= Erwin Lendvai =

Hungarian composer and conductor

Erwin Lendvai (4 June 1882 - 21 March 1949) was a Hungarian composer and choral conductor. He was an uncle of the composer Kamilló Lendvay.

Lendvai was born in Budapest. He graduated from the National Music Academy of Budapest, studying with Hans von Koessler. He also studied with Giacomo Puccini in Milan. From 1906 on, he lived in Germany, where he began his teaching career. From 1913 to 1914, he taught at the J.-Dalcroze Institute in Hellerau, near Dresden, where he married the photographer Erna Dircksen. From 1914 to 1920, he taught composition at the Klindworth-Scharwenka Conservatory in Berlin and in 1923 choral singing at the Volksmusikschule in Hamburg.

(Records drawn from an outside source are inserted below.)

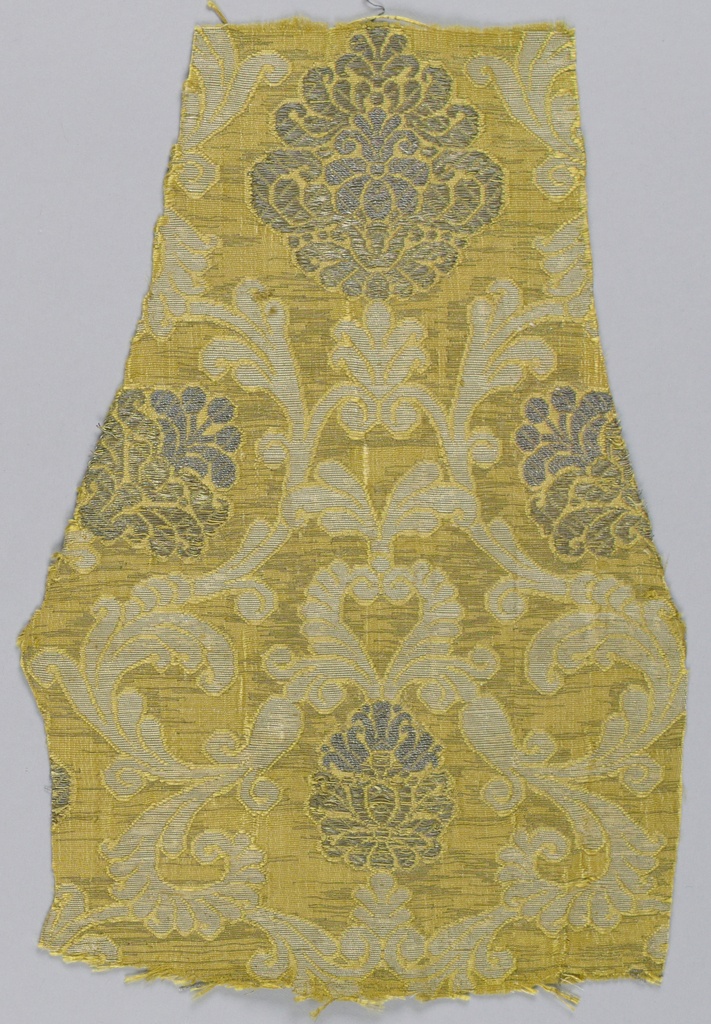 This is a Fragment. It is dated 16th century. Its medium is silk, silver foil, silk core wrapped with silver foil and its technique is compound twill, supplementary weft. It is a part of the Textiles department.
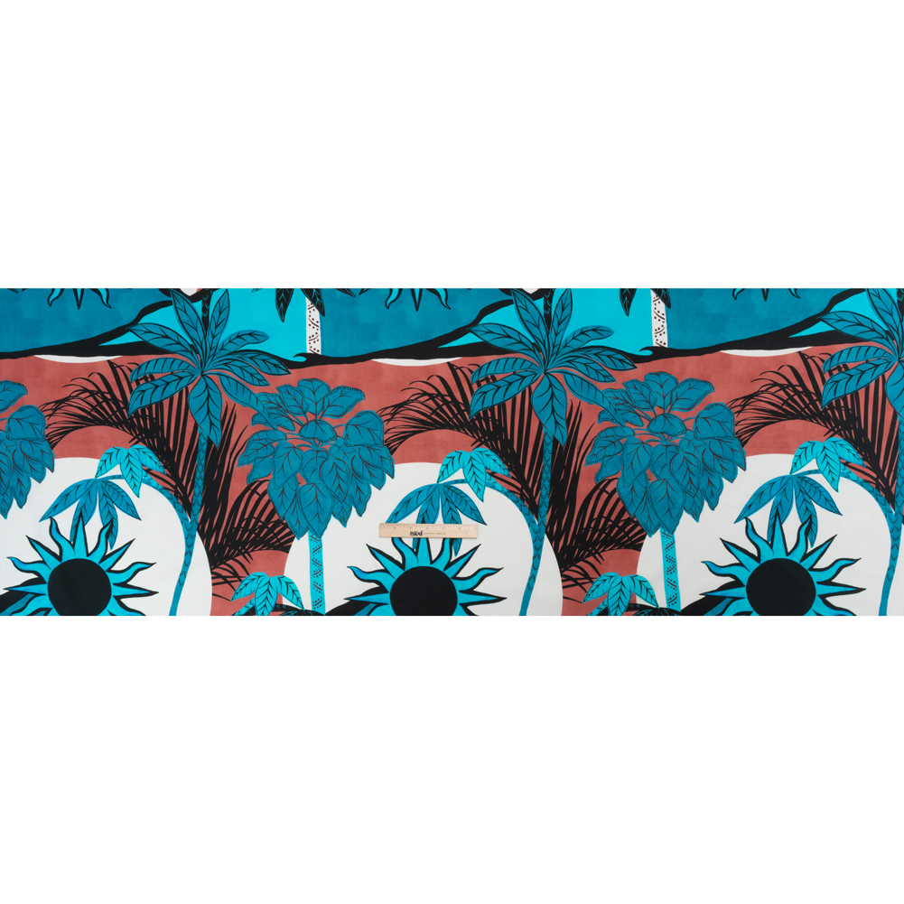 Cotton Poplin Print - Blue Suns and Palm Trees - Mood Exclusive Sun Salutation
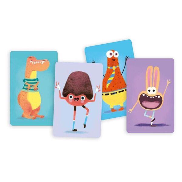 Si dispongono 7 carte “mostro” in tavola, il resto costituisce il monte. A turno, i giocatori imitano la posa di un mostro a loro scelta e gli altri giocatori devono indovinare il più velocemente possibile di quale si tratta. Se la risposta è esatta, il giocatore vince la carta.
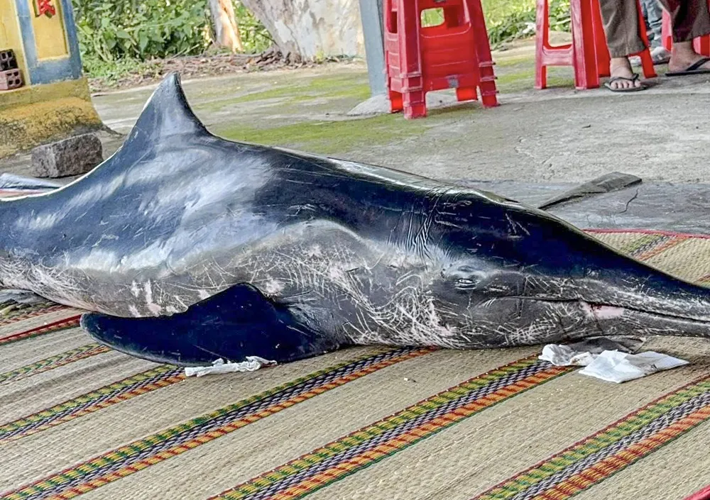 Tuy nhiên, sức khỏe của con cá heo hiện rất yếu, không thể tự bơi, người dân đã đưa con cá heo về lăng Ông ở thôn Nước Ngọt.
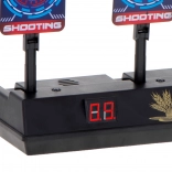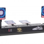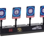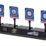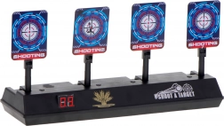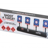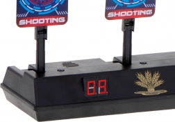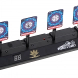 Wyświetlacz LED czytelnie zlicza punkty, a po trafieniu wszystkich czterech celów tarcze same się podnoszą – gra płynnie trwa bez ręcznego ustawiania.
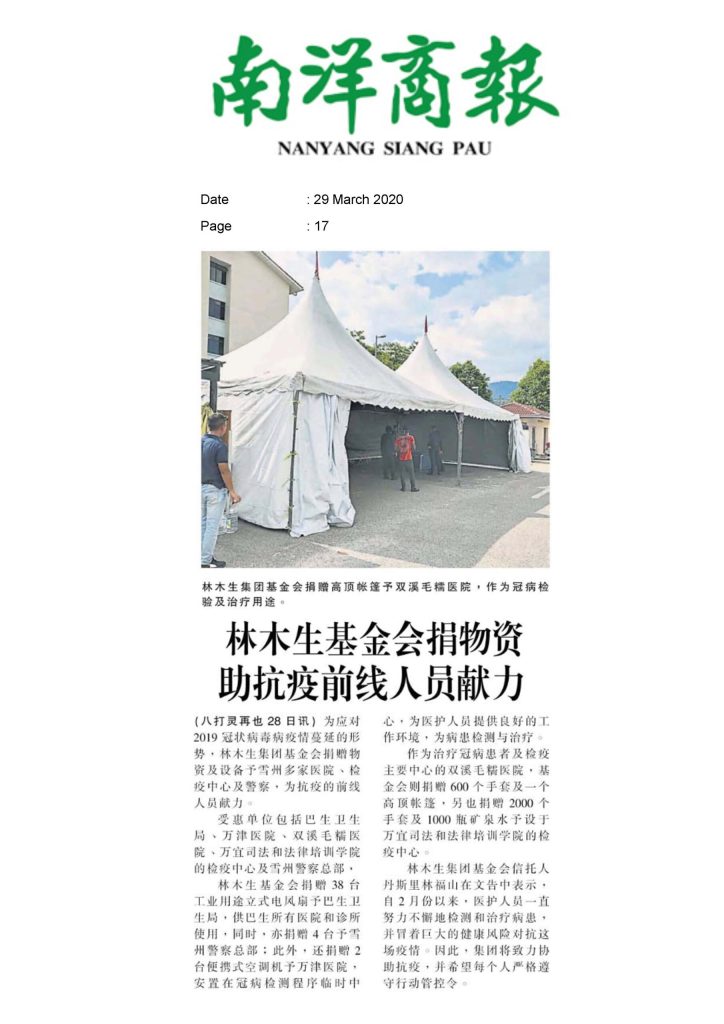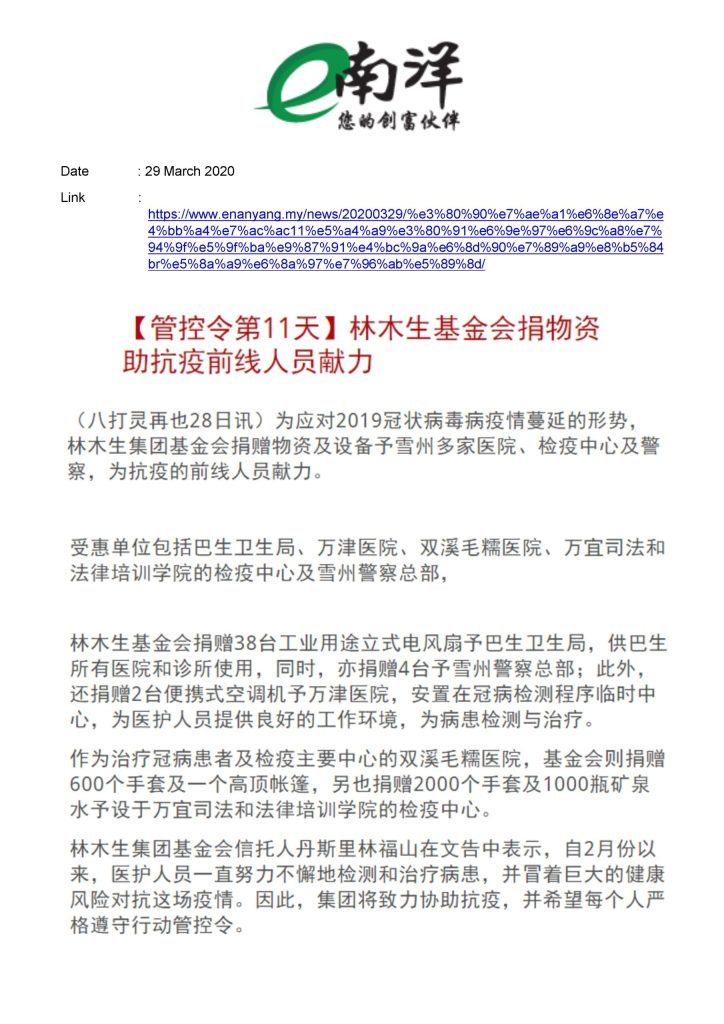 2020.03.29 Sin Chew – LBS Foundation donates materials and equipments to medical staff in Selangor

He was also director of a musical society in Koblenz and director of the popular choir of Munich. In 1929, he premiered Arnold Schoenberg's choral work Glück Op. 35, No. 4.

In 1933, he emigrated from Germany due to the Nazi regime and after that worked as a music teacher in Kenninghall, England. After the war, he headed the Györ Conservatory of Music. He became interested in Béla Bartók's music there. He died in Epsom, Surrey, UK.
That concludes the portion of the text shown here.